Thanks for using SageMaker!
Hi @mvsusp ,
Thank you for having a look!!
The example provided here gives me the exact same behaviour: https://github.com/awslabs/amazon-sagemaker-examples/blob/master/sagemaker-python-sdk/tensorflow_resnet_cifar10_with_tensorboard/tensorflow_resnet_cifar10_with_tensorboard.ipynb
I am using aws, so Ubuntu 16.4.
Thanks @vassiasim. I will reproduce the issue and come back with further information.
Hello @vassiasim,
I created a SageMaker workspace and executed the resnet cifar 10 jupyter notebook. The behavior when estimator.fit(inputs, run_tensorboard_locally=True) is called is almost exactly as you described. The only difference is that the scalars are being displayed in the end of the training job and quickly after TensorBoard is deactivated.
The second call of estimator.fit(inputs, run_tensorboard_locally=True) will create a second training job but it will use the same checkpoints from the previous execution. That is an useful feature and can be avoided creating a new TensorFlow estimator instead of using the previous one. When the second call of estimator.fit(inputs, run_tensorboard_locally=True) starts, TensorBoard will pick the state from the previous run, which is why you see the scalars there.
TensorBoard scalars are created after each evaluation. The notebook example that you used only evaluates once in the end of the training, which explains the current behavior.
I will change the example defined in tensorflow_resnet_cifar10_with_tensorboard.ipynb as follow:
from sagemaker.tensorflow import TensorFlow
source_dir = os.path.join(os.getcwd(), 'source_dir')
estimator = TensorFlow(entry_point='resnet_cifar_10.py',
source_dir=source_dir,
role=role,
hyperparameters={ 'min_eval_frequency': 10},
training_steps=1000, evaluation_steps=100,
train_instance_count=2, train_instance_type='ml.c4.xlarge',
base_job_name='tensorboard-example')
estimator.fit(inputs, run_tensorboard_locally=True)
That will change the training job behavior to evaluate the training job more often, allowing you see the scalars in the example. That will make the training job slower as well, given that more checkpoints will be saved to the S3 bucket.
Please, change you notebook with code block above.
For more information on how TensorFlow training process works: https://github.com/tensorflow/tensorflow/blob/master/tensorflow/docs_src/get_started/estimator.md#fit-the-dnnclassifier-to-the-iris-training-data-fit-dnnclassifier
For more information on the available hyperparameters for TensorFlow sagemaker python sdk: https://github.com/aws/sagemaker-python-sdk#optional-hyperparameters
PR with the code changes: https://github.com/awslabs/amazon-sagemaker-examples/pull/154
Hi @mvsusp,
Thank you for the reply and PR!
That makes sense. I tried it and get the scalars and images displayed, but only when the job is complete even though evaluation is run few times before that.
Any thoughts?
Thanks a lot.
Hi @vassiasim,
You can increase the number of training steps to have a longer training and more scalars and images displayed as well. Try training_steps=10000.
Hi @mvsusp ,
Thank you for your reply. Yes agree, doing that will result to longer training, but i still don't understand why I don't get more points on the graph.
Based on your previous answer, adding min_eval_frequency runs the evaluation more often and not every 1000 steps that is the default, so I would expect a point on Tensorboard every time the evaluation is run. Just trying to understand when Tensorboard updates the displayed values for training and for evaluation.
Using the notebook with training_steps=10000 and hyperparameters={ 'min_eval_frequency': 10} , I get points for training up to 600 and one point for evaluation at 1 after passing step=1000. However, I would expect the Tensorboard to get updated, after passing step=2000, but it doesn't. It only got updated at some random point after step=3000 but again only for training (still just getting one point for evaluation at 1). It doesn't update again until the end of the training at 10000 steps.

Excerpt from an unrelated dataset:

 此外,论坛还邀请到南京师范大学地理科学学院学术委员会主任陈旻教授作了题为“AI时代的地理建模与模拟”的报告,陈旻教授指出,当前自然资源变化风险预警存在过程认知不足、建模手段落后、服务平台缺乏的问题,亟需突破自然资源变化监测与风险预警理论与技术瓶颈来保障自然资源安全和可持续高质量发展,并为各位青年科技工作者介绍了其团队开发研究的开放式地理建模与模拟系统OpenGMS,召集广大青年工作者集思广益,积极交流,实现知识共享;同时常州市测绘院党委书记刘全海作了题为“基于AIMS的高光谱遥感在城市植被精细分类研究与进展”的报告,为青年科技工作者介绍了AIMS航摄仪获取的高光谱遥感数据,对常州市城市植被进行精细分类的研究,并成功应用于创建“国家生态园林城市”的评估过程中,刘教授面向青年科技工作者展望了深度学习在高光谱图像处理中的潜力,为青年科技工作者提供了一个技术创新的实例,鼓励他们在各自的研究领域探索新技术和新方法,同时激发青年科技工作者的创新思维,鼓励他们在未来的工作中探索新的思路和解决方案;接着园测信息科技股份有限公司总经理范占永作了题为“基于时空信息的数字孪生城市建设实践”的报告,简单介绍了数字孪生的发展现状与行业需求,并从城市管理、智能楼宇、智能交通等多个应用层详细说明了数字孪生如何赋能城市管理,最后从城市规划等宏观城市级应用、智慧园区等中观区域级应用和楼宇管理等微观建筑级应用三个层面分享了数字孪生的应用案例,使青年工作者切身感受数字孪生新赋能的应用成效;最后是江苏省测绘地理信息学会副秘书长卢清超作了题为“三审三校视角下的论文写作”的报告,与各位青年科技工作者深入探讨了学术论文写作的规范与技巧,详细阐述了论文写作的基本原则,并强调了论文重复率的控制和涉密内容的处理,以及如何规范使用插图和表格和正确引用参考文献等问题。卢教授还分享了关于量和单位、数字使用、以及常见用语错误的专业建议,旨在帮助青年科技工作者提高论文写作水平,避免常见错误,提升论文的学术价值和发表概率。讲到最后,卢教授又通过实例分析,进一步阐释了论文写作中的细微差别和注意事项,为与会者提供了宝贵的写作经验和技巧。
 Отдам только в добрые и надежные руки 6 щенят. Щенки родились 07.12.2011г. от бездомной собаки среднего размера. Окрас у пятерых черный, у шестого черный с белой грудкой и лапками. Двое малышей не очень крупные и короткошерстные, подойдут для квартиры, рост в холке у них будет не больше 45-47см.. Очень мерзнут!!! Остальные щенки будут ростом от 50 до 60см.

I am just trying to understand how it works exactly and also to be able to see the progress of training.
Thank you!
I'm digging in on this issue right now since we need TensorBoard to work in order to make use of SageMaker. It seems like TensorBoard only ever sees the first event that gets written to the .tfevents file and then it stops updating. Steps to reproduce the issue:
.tfevents file in the log directory by running ls -la every 30 seconds or so. When it updates (you know because the timestamp changed), start a new TensorBoard on a different port pointing to the same log directory. You can see that the new TensorBoard registers the new event, while the existing TensorBoard still ignores it. I've got a screenshot with side-by-side TensorBoards below. Both sessions are pointing to the same log directory, but running on different ports.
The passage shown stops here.